Sounds like a patient featured in a TV documentary about traumatic brain injuries a few years ago. IIRC, he had minute frontal lobe injuries, resulting in complete inability to form emotional connections. He didn’t appear to be depressed, suicidal or sociopathic, nor did he seem particularly happy, just kind of apathetic. From what I saw, it was hard to tell to what degree he was capable of empathy.

He was asked whether he loved his wife and son, and immediately replied “Yes”, but when asked how that felt, replied hesitantly “I like having him around” and “we’ve been together so long, she’s part of the furniture”. He obviously knew more was expected of him, and seemed to feel bad about it. He had tried to leave his wife so she could move on with someone who could love her back, but she wouldn’t hear of it. His doctors commented that in cases like this, spouses often give up after a couple of years.

It didn’t seem like a happy life for the patient, and most definitely not for his family. They were grieving a loss rather than a death, with many years ahead of living with him - unable to distance themselves from it, hoping for a cure or improvement that would never come.

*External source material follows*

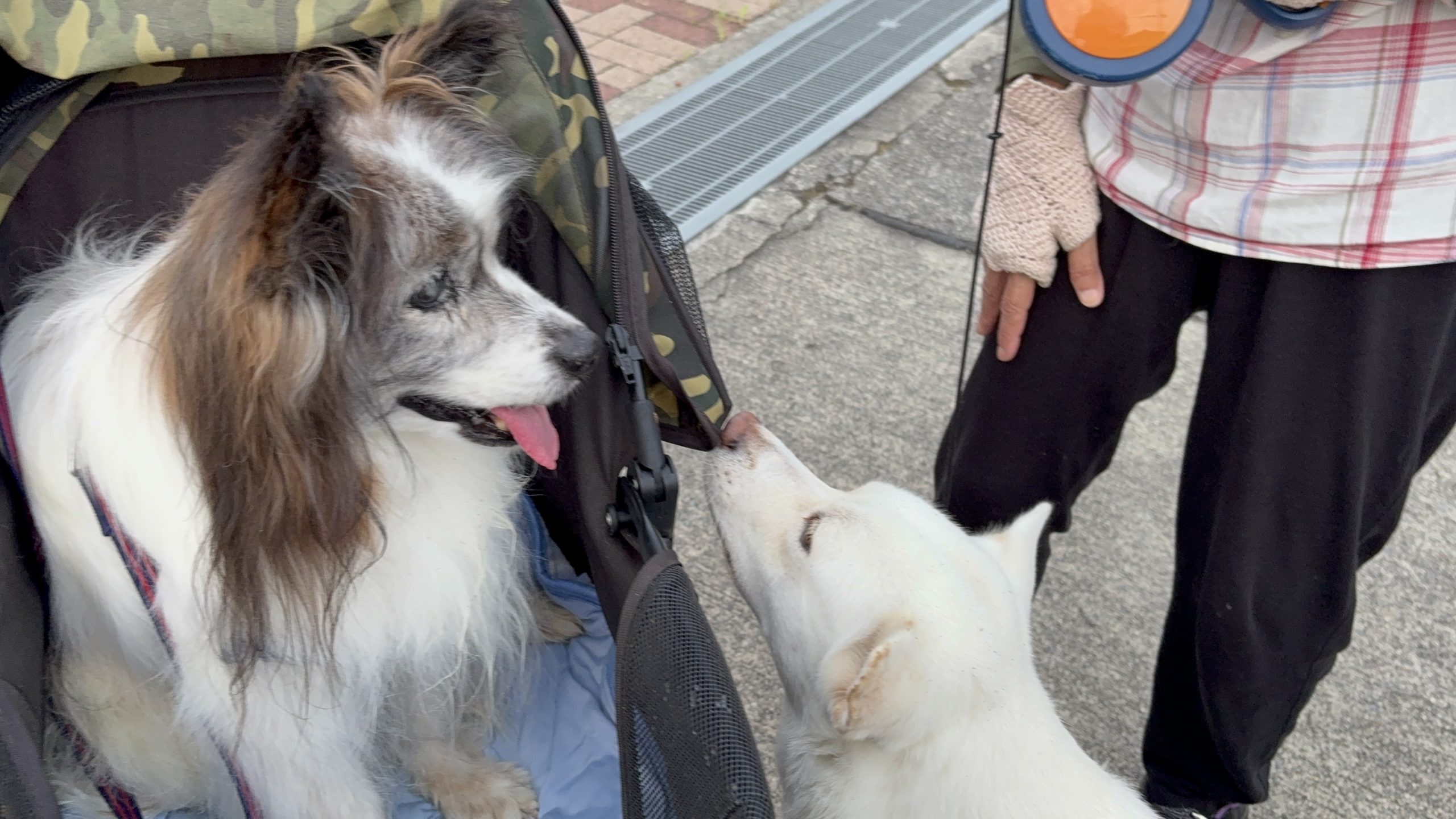 「マルちゃん、おかあさんが心配していたのよ~💦」ヒラリちゃんが耳元で話してくれます👂

So, in response to the OP: Much as I would want to live, I wonder if it might be easier for my family if I didn’t.

Dead.

I wouldn’t want to live without emotional connections.

And I think it would be easier on the family to see me dead than to see me walking around, suddenly not giving a damn about them, leaving them bewildered and broken-hearted.

My wife says to cure me.

My emotional connections are my life, so I’m dead either way.

I have sort of depressed emotional response as it is. I don’t really care that much. Aren’t ethics a better basis for social behavior than primate group loyalty anyway?

So, yeah, I’m halfway there. Never become emotionally attached again? OK, I guess. Creepy, but sort of a, “So what?”

Not that I’m emotionally attached enough to my own life to jump at it. I’d sit & think about whether there’s some reason I should still have emotional attachments, & if it would be better just to die.